◆ **Records to use**
=== Section Start ===

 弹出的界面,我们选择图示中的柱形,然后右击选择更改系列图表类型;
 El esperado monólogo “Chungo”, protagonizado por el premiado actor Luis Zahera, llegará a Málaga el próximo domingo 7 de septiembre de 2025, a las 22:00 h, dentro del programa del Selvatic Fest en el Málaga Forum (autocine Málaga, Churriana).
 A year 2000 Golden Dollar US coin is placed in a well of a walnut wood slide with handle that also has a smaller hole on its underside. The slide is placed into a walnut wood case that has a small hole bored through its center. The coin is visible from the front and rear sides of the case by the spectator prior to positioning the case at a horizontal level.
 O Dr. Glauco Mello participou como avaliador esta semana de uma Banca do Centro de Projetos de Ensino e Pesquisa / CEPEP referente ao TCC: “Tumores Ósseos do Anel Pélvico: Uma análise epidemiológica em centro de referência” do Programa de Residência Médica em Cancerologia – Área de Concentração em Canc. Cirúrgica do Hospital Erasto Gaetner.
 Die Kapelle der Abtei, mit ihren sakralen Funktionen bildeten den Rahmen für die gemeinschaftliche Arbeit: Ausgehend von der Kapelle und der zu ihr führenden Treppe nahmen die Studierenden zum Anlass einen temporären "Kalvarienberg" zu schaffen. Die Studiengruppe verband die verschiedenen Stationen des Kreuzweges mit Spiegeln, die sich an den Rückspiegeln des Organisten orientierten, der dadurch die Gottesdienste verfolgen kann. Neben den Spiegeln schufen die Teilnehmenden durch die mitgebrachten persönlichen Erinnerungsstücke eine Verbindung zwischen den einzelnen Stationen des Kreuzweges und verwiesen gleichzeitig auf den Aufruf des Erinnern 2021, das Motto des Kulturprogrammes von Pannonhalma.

=== Section End ===

◆ **What you will do**
Nothing should be returned except the lines from the first line of the data above through the line with "El esperado monólogo", each one exact.

◆ **Result of the task**
 弹出的界面,我们选择图示中的柱形,然后右击选择更改系列图表类型;
 El esperado monólogo “Chungo”, protagonizado por el premiado actor Luis Zahera, llegará a Málaga el próximo domingo 7 de septiembre de 2025, a las 22:00 h, dentro del programa del Selvatic Fest en el Málaga Forum (autocine Málaga, Churriana).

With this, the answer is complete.